All he has asked of me is to build him a wash stand out of the oak. I have a plan that calls for a top 28" wide and side panels 20" wide.

I have some questions and would appreciate advise based on your experience:
1. Should I have the lumber kill dried before I begin working it?
2. Can I use those wide boards were appropriate without ripping down to narrower widths?
3. How is best to store it until I have opportunity to use it?

Thanks for your input.
 

LeftyTom

Tom
Corporate Member
Does the wood have any signs of powder post beetles? Kiln drying is the only way to kill them.

I am not a lay-expert on this, so I could be wrong.
 

mshel

New User
Michael Shelley
Unless you have a 20" planer, you will have to hand plane the boards to thickness, at least to retain that wonderful width. Good cardio workout :gar-La;:gar-La;. I wish I had that problem. Worst case, split them in half, plane, edge glue them back together.
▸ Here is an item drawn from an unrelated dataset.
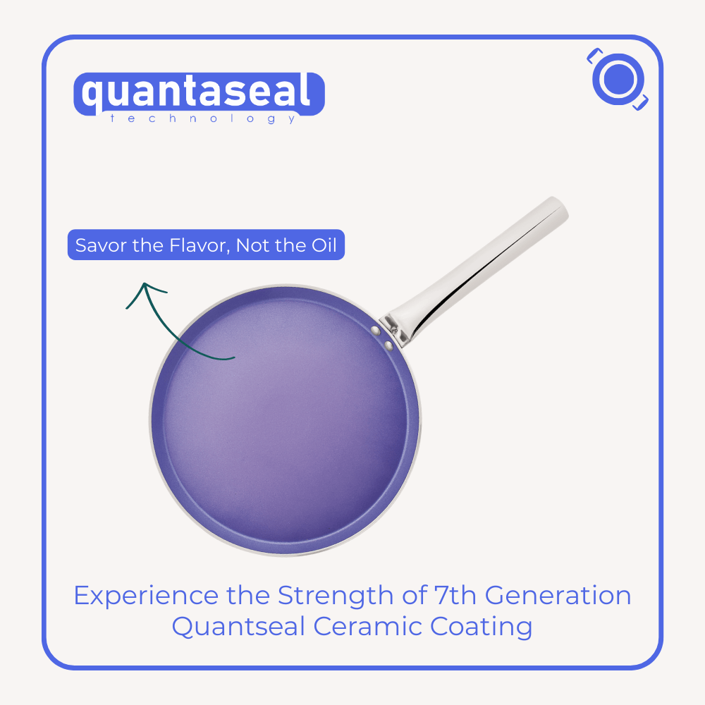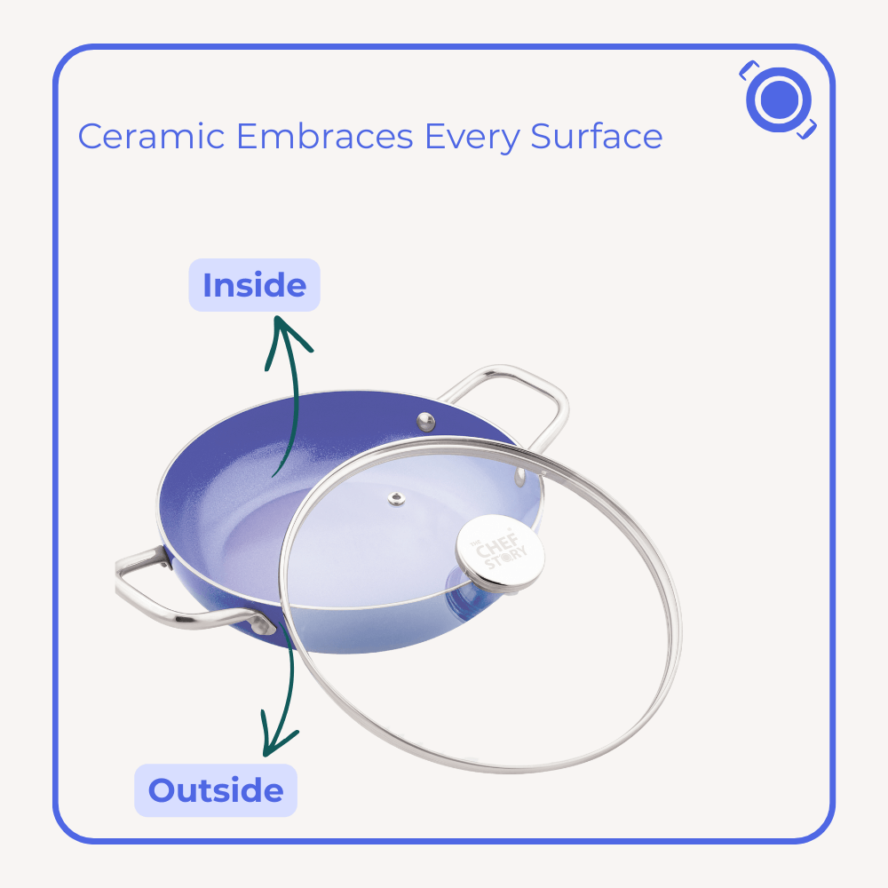 Careful cooking begins with cookware you can rely on through everyday use. Built with advanced 7th Generation Quantaseal™ Ceramic Coating, this Ceramic Trio Set of Fry Pan, Tawa and Kadai supports thoughtful cooking with its smooth, non-porous surface and consistent non-stick performance. Created to resist scratches and routine wear, it remains sturdy even with metal utensils and is produced without PFOA, lead, cadmium, nickel, or arsenic for a healthier kitchen space. Its food-grade build spreads heat uniformly across gas, induction, and ceramic cooktops, supporting both gentle simmering and high-heat cooking. Blending lasting strength with refined elegance, this set also supports tree-plantation efforts, caring for homes and the planet with every meal prepared.
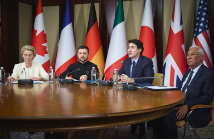 ABD’nin kurduğu Ukrayna masasına çağrılmayan Avrupa, içinde Kanada’nın da bulunduğu bir heyetle Ukrayna’da gövde gösterisi yapmaya çalıştı. Zelenskiy heyete hitaben konuşmasında, Ukrayna ve Avrupa’nın müzakere masasında olması gerektiğini, Rusya’nın stratejik hedefinin de Avrupa olduğunu savundu.

Done right, it will be hard to tell they were ever busted open. Hard to find good wood that wide. Make some purdy stuff and show us.

Mike
 

Bigdog72

Moderator
Geoff
The only way to properly answer these questions is with hands on inspection. Please bring wood to my house tomorrow and I will begin the evaluation process! :banana: :banana:
 

Stanley

New User
Ted
The more amazing thing is the neighbor who gave me the lumber has a 24" planer and he is quite willing to plane any of it for me.
 
YES have it Kiln Dried before working, If the wood has been in a barn it will still have 20-25% moisture in it, and as soo as you build it and take into a house which normally has 6% moisture it will move like crazy. I know by experiece, plus working with Kyle and learning about moisture content and kilns...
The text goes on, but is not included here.